Add option to use `ripgrep` for crawling the list of files

rafeca commented 5 years ago

Summary

This PR contains some minimal changes to demonstrate the usage of ripgrep on the fuzzy finder, so we can discuss the tradeoffs and steps needed to be able to ship this.

This work comes as a follow-up from https://github.com/atom/fuzzy-finder/pull/367 after the suggestions of @smashwilson .

Benefits

Using ripgrep speeds up drastically the time to crawl medium and large repositories (we're taking about up to 14X faster times):

Type	Num Files	Time (master)	Time (This PR)	Improvements
Small	2K	1.3s	0.9s	30% less time (or 1.4X faster) 🎉
Medium	30K	6.2s	1.2s	80% less time (or 5X faster) 🎉
Large	270K	57.5s	4.1s	93% less time (or 14X faster) 🎉

(the measurement has been done the same way as in https://github.com/atom/fuzzy-finder/pull/366).

Possible Drawbacks

The crawling behaviour with ripgrep is slightly different than the one currently implemented. I don't think that the changes are important enough (or even bad), but it's important to list them:

ripgrep also returns symlink destination files (e.g if there's a symlink ./foo.js which points to ./bar.js, with ripgrep foo.js can also be opened. I think this is an improvement.
The ordering of the returned results is slightly different: right now results are returned in a DFS ordering (then alphabetically), while ripgrep returns all results alphabetically ordered.
Currently, if Atom gets opened from a non-git folder which has git repositories in some sub-folders, the .gitignore files from the sub-folders are ignored. With ripgrep they are taken into account. I think that this is an improvement.

Regarding 2., this change is quite noticeable, since the fuzzy finder currently displays the first 10 files returned by the crawler when it gets opened. This means that the first shown files will be slightly different than before (IMO we should change the default list of files that are shown when opening the fuzzy finder to show e.g recently opened files or currently opened files).

Alternate Designs

Other potential designs were presented here, and seems like ripgrep is the best tool to use at this moment.
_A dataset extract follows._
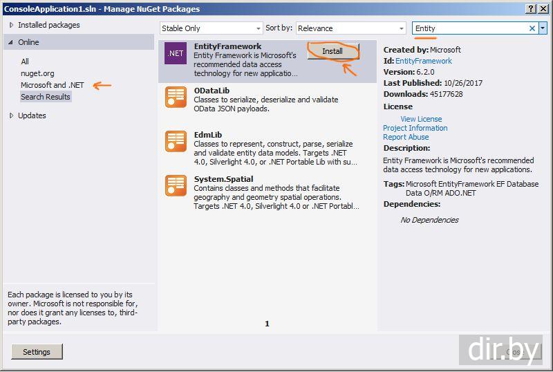 Шаг 2. Добавляем библиотеку Entity Framework используя NuGet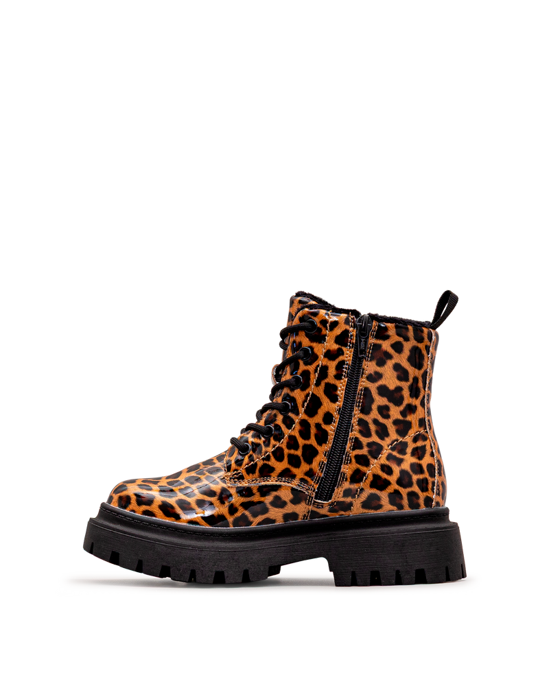 Ces bottillons léopard se distinguent par leur style audacieux et unique. Leur semelle épaisse assure une stabilité optimale et un confort durable. Faciles à ajuster grâce à leur laçage pratique, ils accompagnent les enfants dans toutes leurs activités. Un choix idéal pour allier mode et praticité avec Panda.

Regarding the current implementation, I've decided to use vscode-ripgrep, which is just a package that handles the download of the ripgrep binaries for several platforms. This has saved me a ton of time, but I'm not familiar enough with the process to install bundled extensions in Atom to know if this package is suitable for the job.

Next steps

[x] Write some automated tests to verify the ripgrep crawling.
[x] Manually check that ripgrep works well on different scenarios.
- [x] Different types of file system (FAT, NTFS, ...).
- [x] Different OSes (Windows).
- [x] Check that the ripgrep binary can be used correctly from a production build (e.g does the asar packaging cause any issue?).
- [x] OSX
- [x] Windows
[x] Check that the behaviour is correct.
- [x] Files/folders with utf8 names.
- [x] List of returned files is the same in a few different repos.

Applicable Issues

https://github.com/atom/fuzzy-finder/issues/271

rafeca commented 5 years ago

Small update: I just realized that when using ripgrep we don't need to initialize the Git native code (see commit) 😃

This is quite slow (specially for large repos) so it gives us even greater performance improvements (we can reduce the times on large repos by another 50% 🚀). I'm gonna update the results table with the new data

rafeca commented 5 years ago

I think it's good to share a couple of screencasts to compare the previous experience on very large repos (gecko-dev) with the one after this PR:

What happens now in master after opening Atom (or focusing Atom back):

master

The same flow with this PR:

ripgrep

jasonrudolph commented 5 years ago

Currently, if Atom gets opened from a non-git folder which has git repositories in some sub-folders, the .gitignore files from the sub-folders are ignored. With ripgrep they are taken into account. I think that this is an improvement.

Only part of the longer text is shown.